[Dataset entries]
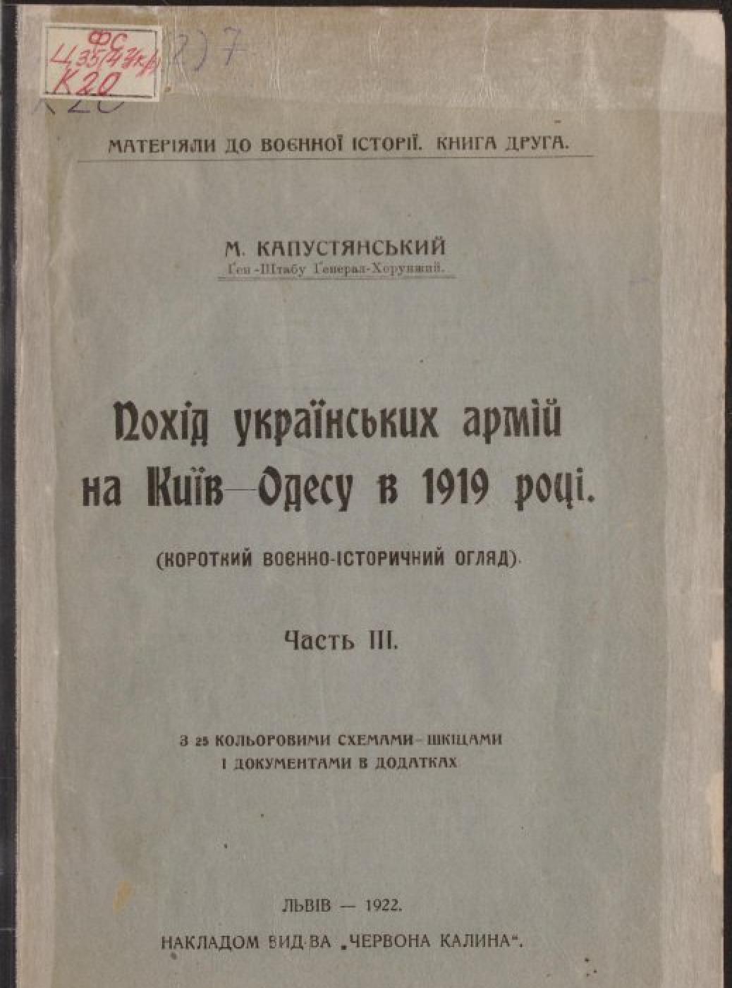 Капустянський, М. Похід українських армій на Київ – Одесу в 1919 році [Електронна копія] : (короткий воєн.-іст. огляд) / М. Капустянський. Електрон. текст. дані. Львів : Накладом вид-ва «Червона калина», 1922 (Київ: НБУ ім. Ярослава Мудрого, 2024). (Матеріали до воєнної історії). Ч. 3 : Електрон. текст. дані (1 файл : 2,94 Мб). 1922 (Київ: НБУ ім. Ярослава Мудрого, 2024). (Матеріали до воєнної історії; кн. 2).
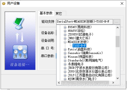 注意事项:串口号应选择串口COM2 创建设备名应与云端设备名保持一致(YF3300_TH)其它默认
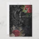 Trabajos de rollo grabados por orden, encajes plateados, rosas burgandeses y escritura francesa en un oscuro fondo de damasco negro.
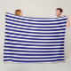 Navy blue and white candy stripes fleece blanket
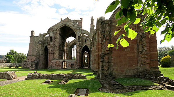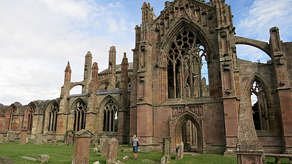 früh und machen deshalb nur eine Aufnahme aus der Ferne. Ein paar km weiter besichtigen wir die Ruine der berühmten Melrose-Abbey,

* Required work *
Could you write out, word for word, the lines from the one containing "Navy blue and" through the last line of the records, leaving out the pictures?

* Answer section *
 Navy blue and white candy stripes fleece blanket
 früh und machen deshalb nur eine Aufnahme aus der Ferne. Ein paar km weiter besichtigen wir die Ruine der berühmten Melrose-Abbey,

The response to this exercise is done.